Beyond energy, these fatty acids help regulate fat metabolism throughout the body. They activate fat burning while slowing down fat production and fat release from storage, which leads to lower levels of free fatty acids circulating in the blood. They also help normalize blood sugar levels by stimulating gut hormones that improve how your body handles glucose, and they’ve been shown to reduce cholesterol concentrations in both animal and human studies.
Training the Immune System
Your microbiome plays a critical role in teaching your immune system what to attack and what to leave alone. Short-chain fatty acids from gut bacteria promote the development of regulatory immune cells that keep inflammation in check and maintain tolerance to harmless substances like food proteins. Compounds released by certain bacteria help mature a branch of the immune system that fights infections, while simultaneously preventing the overactive immune responses involved in allergies.
This training process starts at birth. Babies born vaginally pick up microbes from the birth canal and intestine, including beneficial species like Bifidobacterium that are important for early immune development. Babies born by cesarean section miss this initial transfer, often ending up with fewer of these beneficial microbes and a higher proportion of opportunistic species instead. Breastfeeding further shapes the infant microbiome: exclusively breastfed infants show enhanced microbial richness and diversity compared to formula-fed infants. The combination of vaginal delivery, exclusive breastfeeding, and no early antibiotic exposure is considered the optimal starting point for microbial colonization.
When the Balance Tips: Dysbiosis
Dysbiosis is the term for a disrupted microbiome. It can mean a shift in which species are present, a change in what those species are producing, or a change in where they’re located within the gut. This imbalance has been linked to a range of chronic conditions, including inflammatory bowel disease, obesity, type 1 and type 2 diabetes, colorectal cancer, allergic disorders, and autism.

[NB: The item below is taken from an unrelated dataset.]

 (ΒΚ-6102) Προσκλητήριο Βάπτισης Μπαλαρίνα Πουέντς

Antibiotics are one of the most common triggers. A course of antibiotics doesn’t just kill the bacteria causing your infection; it can significantly reduce the diversity of your entire gut community. Research in mice has shown that even after antibiotics are removed, overall diversity may stabilize at a level significantly lower than before treatment. One key bacterial group saw permanent diversity drops of 36% to 70% depending on the antibiotic used. How quickly and completely you recover depends on your diet, which surviving species remain to repopulate, and what environmental sources of bacteria you’re exposed to afterward.

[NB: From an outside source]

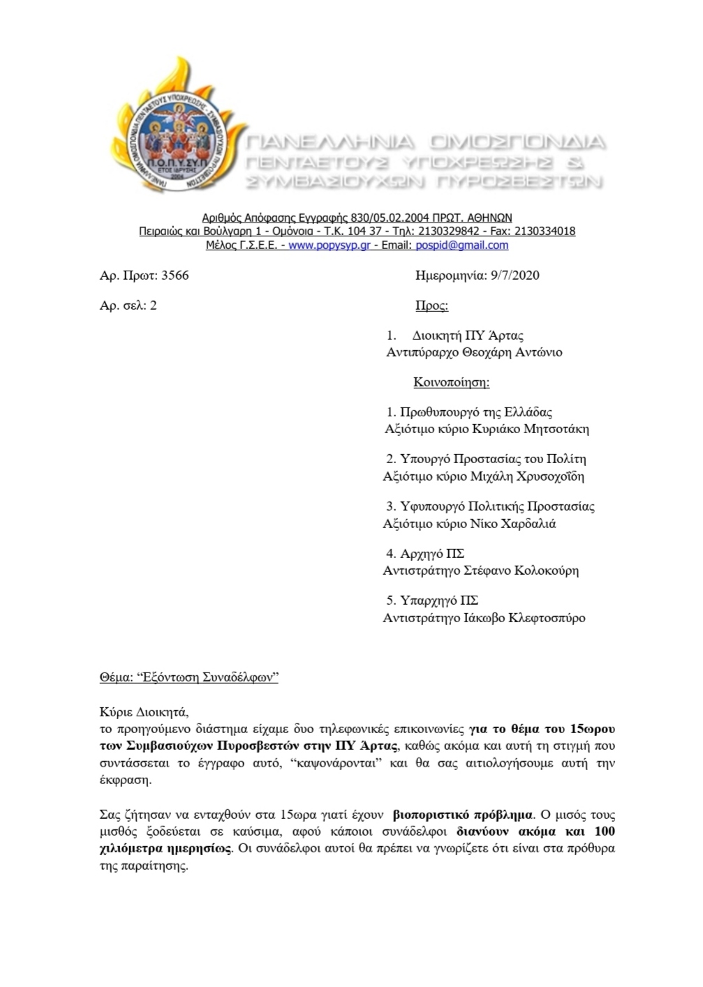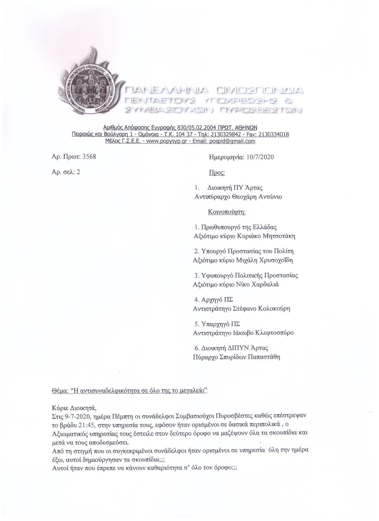Αρ. Πρωτ: 3583 Ημερομηνία: 17/7/2020

How Diet Shapes Your Microbiome
Dietary fiber is the single most important fuel source for your gut bacteria. Since your own enzymes can’t break down most fiber, it passes intact to the colon, where bacteria ferment it into the short-chain fatty acids that drive so many health benefits. Clinical trials have found that supplementing with specific fiber types, including fructo-oligosaccharides, galacto-oligosaccharides, whole grains, and wheat bran, significantly increases populations of beneficial Bifidobacteria and Lactobacilli. In one trial, consuming 45 grams of whole-grain oats per day led to significant increases in both of those beneficial groups.

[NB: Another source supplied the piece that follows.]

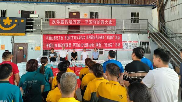 平顶山局联合市总工会、市妇联、市快递协会开展“送清凉”活动。(朱钰清)

The relationship between fiber and microbial diversity appears to be dose-dependent. People consuming higher amounts of insoluble fiber (at least 7 grams per 1,000 calories daily) tend to have greater microbial diversity than those eating less. For someone eating 2,000 calories a day, that translates to about 14 grams of insoluble fiber, the type found in whole grains, vegetables, and the skins of fruits. A varied, fiber-rich diet gives different bacterial species the substrates they need to thrive, which helps maintain the kind of diverse community associated with good health.